◆ Data supplied:
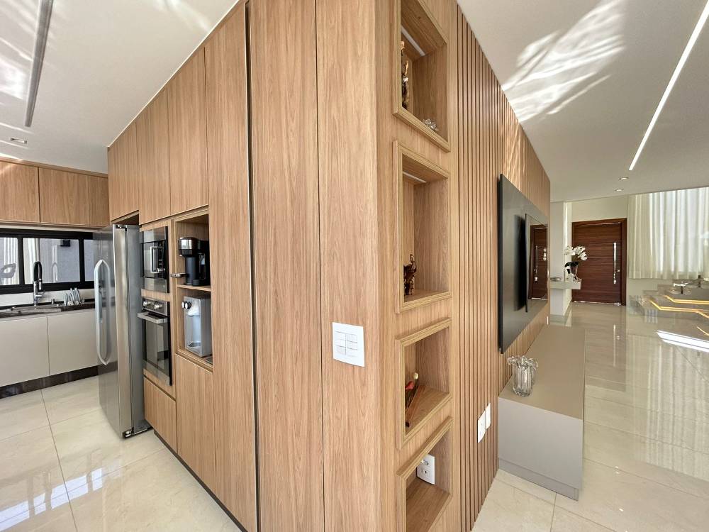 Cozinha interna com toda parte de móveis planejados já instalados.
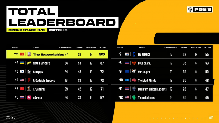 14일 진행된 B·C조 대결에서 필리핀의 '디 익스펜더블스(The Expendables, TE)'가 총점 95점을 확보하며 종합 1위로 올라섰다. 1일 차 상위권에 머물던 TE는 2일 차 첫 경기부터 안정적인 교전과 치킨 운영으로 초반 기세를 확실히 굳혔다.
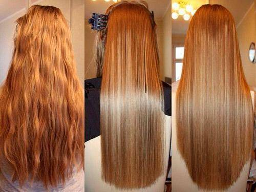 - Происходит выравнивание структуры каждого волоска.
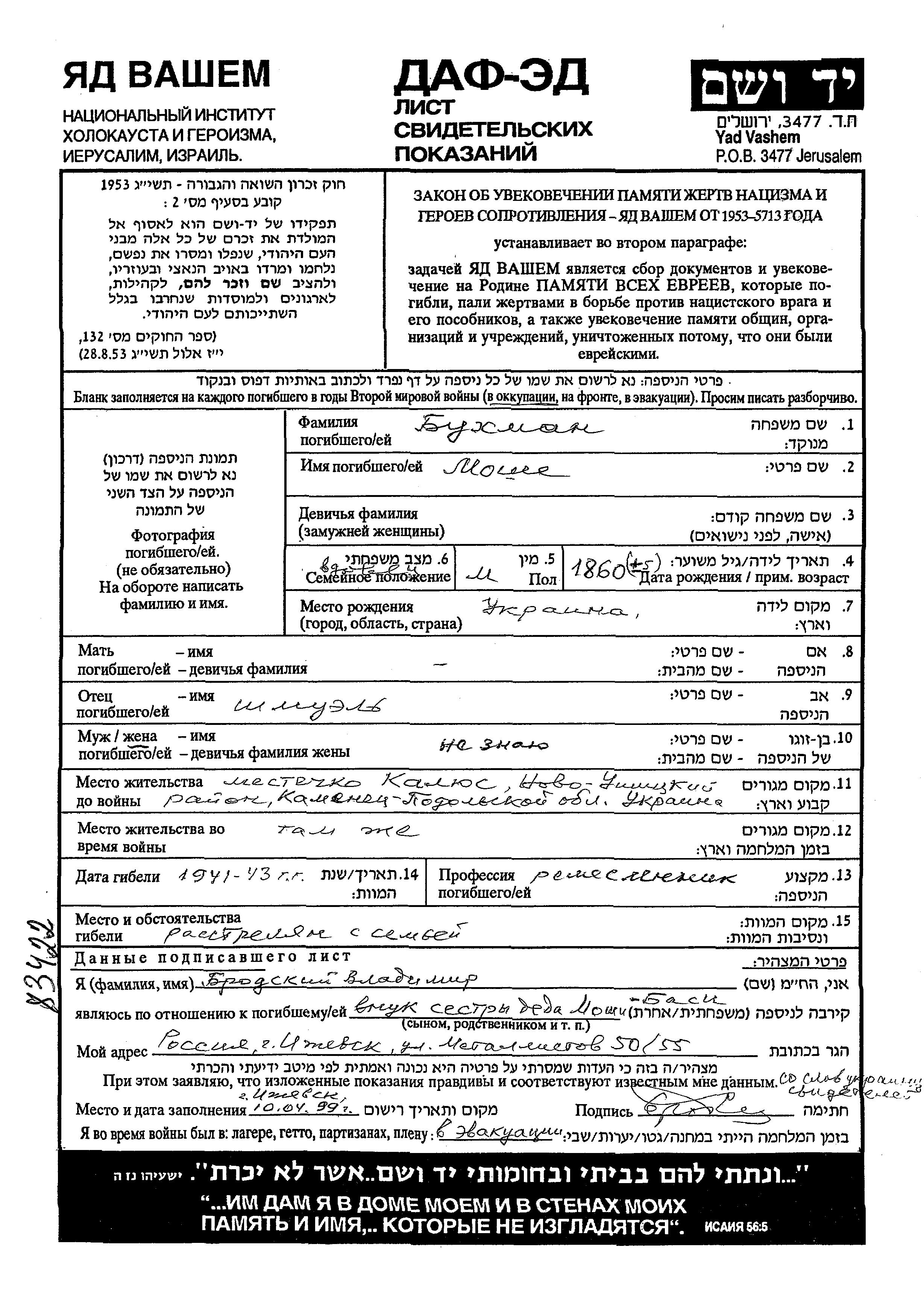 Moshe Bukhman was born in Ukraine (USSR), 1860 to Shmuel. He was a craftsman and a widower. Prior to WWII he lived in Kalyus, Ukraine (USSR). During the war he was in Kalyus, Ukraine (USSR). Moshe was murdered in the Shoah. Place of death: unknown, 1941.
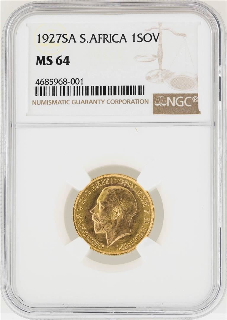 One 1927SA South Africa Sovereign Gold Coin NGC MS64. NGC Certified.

◆ Exercise directions:
Go through the material and set it down again exactly, but without any pictures.

◆ Answer:
 Cozinha interna com toda parte de móveis planejados já instalados.
 14일 진행된 B·C조 대결에서 필리핀의 '디 익스펜더블스(The Expendables, TE)'가 총점 95점을 확보하며 종합 1위로 올라섰다. 1일 차 상위권에 머물던 TE는 2일 차 첫 경기부터 안정적인 교전과 치킨 운영으로 초반 기세를 확실히 굳혔다.
 - Происходит выравнивание структуры каждого волоска.
 Moshe Bukhman was born in Ukraine (USSR), 1860 to Shmuel. He was a craftsman and a widower. Prior to WWII he lived in Kalyus, Ukraine (USSR). During the war he was in Kalyus, Ukraine (USSR). Moshe was murdered in the Shoah. Place of death: unknown, 1941.
 One 1927SA South Africa Sovereign Gold Coin NGC MS64. NGC Certified.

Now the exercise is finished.